While other kids were staking out stores and malls during Black Friday with their families, my mother would sit my sister and me down to wrap our small bodies with the traditional Hmong clothes she had spent the entire year preparing. She told us the same story, year after year, to garner guilt but also to tell us how fortunate we were to have in our possession, our own outfits. I also think she shared it to tell us how important it would be to us once we became women and no longer had her in our lives.
My mother died when I was a baby so I never knew her. But I still miss her everyday. My father remarried soon after and had a new family. The second wife was good to me but she never loved me like her own. Every New Year I would watch other girls, who had mothers, dress up and partake in traditional courting. It made me so sad because I wanted nice clothes too. But more importantly, I wanted a mother who would stand behind me and fix my skirt and blouse, or my xauv and my headdress. I didn't have a mother to prepare anything for me.
Then she'd take her knuckles and smack me on the head because I always started whining and crying, halfway through her story, about how I was tired or how she was wrapping the skirt and sashes too tightly. I remember crying so hard one time that I couldn't breathe anymore because she had squeezed me into my dress so tightly. Those knuckle-smacks weren't a joke. I was such a brat.
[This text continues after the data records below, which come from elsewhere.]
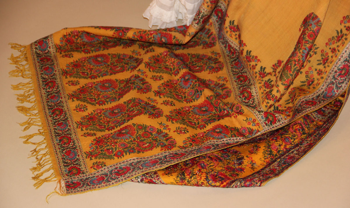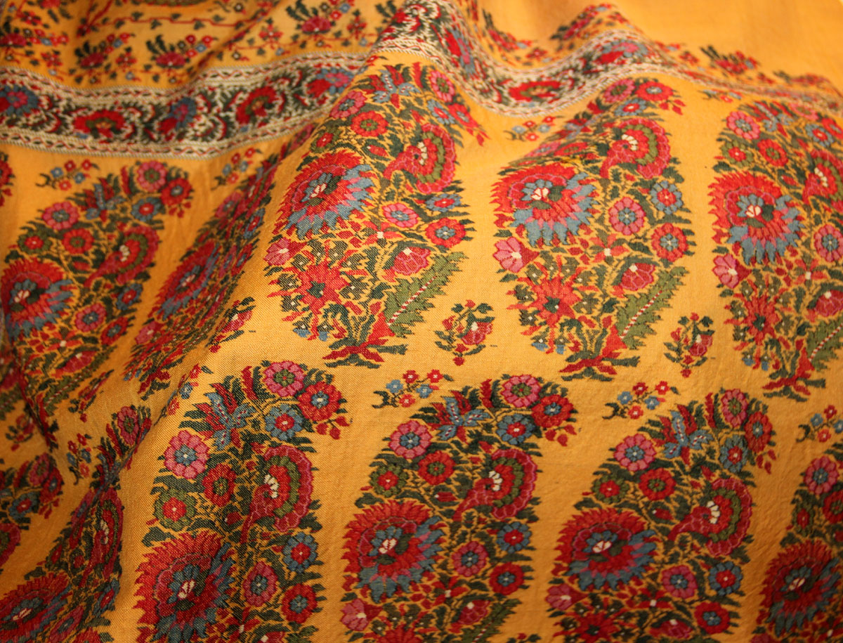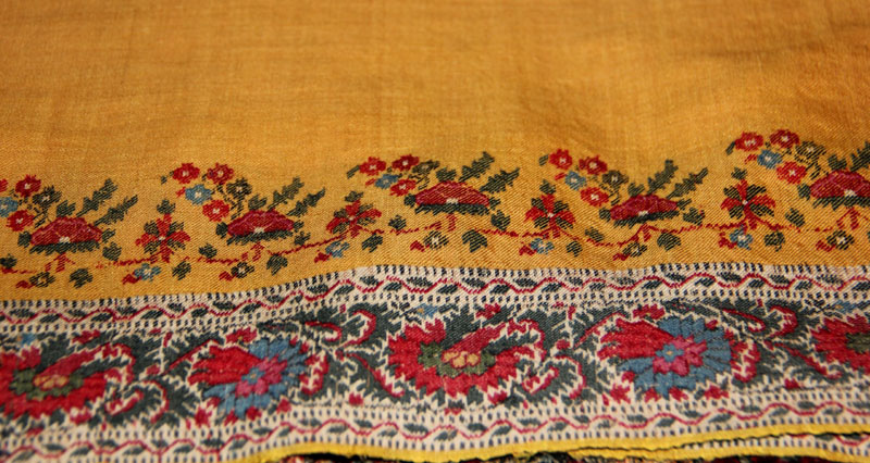 И ещё жёлтая кашмирская шаль - теперь это не квадрат, а прямоугольник. На ощупь шерсть очень колючая и плотная. Да ещё ткачество придаёт плотности в местах с орнаментом.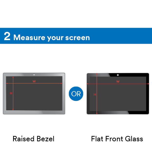 For a flat front glass screen, measure the height (h) and width (w) of the entire glass display.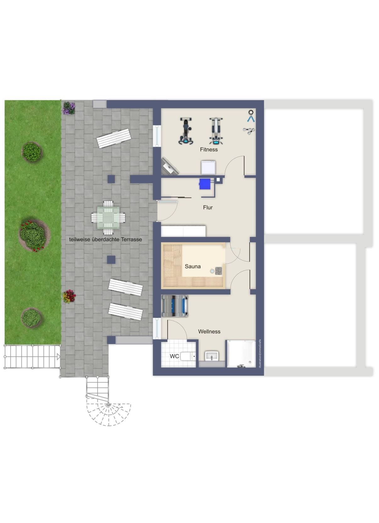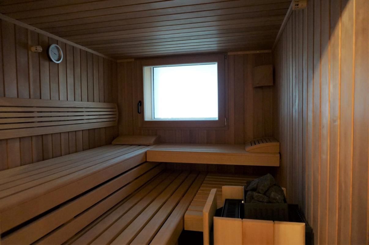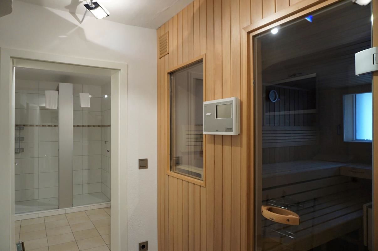 Ergänzt wird das Angebot durch einen beeindruckenden Wellnessbereich im Kellergeschoss, der mit Sauna, Infrarotkabine und Fitnessraum ausgestattet ist.

I Facetimed my mom the other night and she told me that if our xauv were ever misplaced, lost, or stolen, she would just give up life and cry. I swear to baby jesus those were her exact words.
My mother's the furthest thing from being materialistic. She's always told me, "Once I'm gone, I want you to have more than the memories of the few years I had with you." She has worked her entire life to be able to provide for her children, specifically her daughters so we would have a piece of her hard work once we started our own families or once she was no longer around. It's not just any piece of gold or silver; it's an heirloom.
And I think ultimately, she doesn't want us to feel the way she felt as a mother-less child.
Then I thought of all the times she was able to dress us in our Hmong garb. It's probably been less than 20 times. It wasn't until I left home that I realized the importance of my roots and how it was important to my parents, especially my mother. This made me really sad and I may or may not have ugly-girl cried in my room.
A few years ago, before a trip home for Thanksgiving, I asked her to prepare an outfit for me. She asked me which one I wanted to wear and if I wanted to dress up for all the days of the New Year. She sounded so excited. And quite honestly, I think that Thanksgiving weekend was probably one of the best memories I'll ever have with my mother.
I used to hope that I'd never grow up to be like my mother but as I'm getting older, she's the kind of woman and mother I hope to become. Except my children are probably going to be ten times as obnoxious as me. Lawwd, teach me patience.

A traditional xauv. It looks heavier than you think it does. I remember getting bruises on the back of my neck from wearing mine.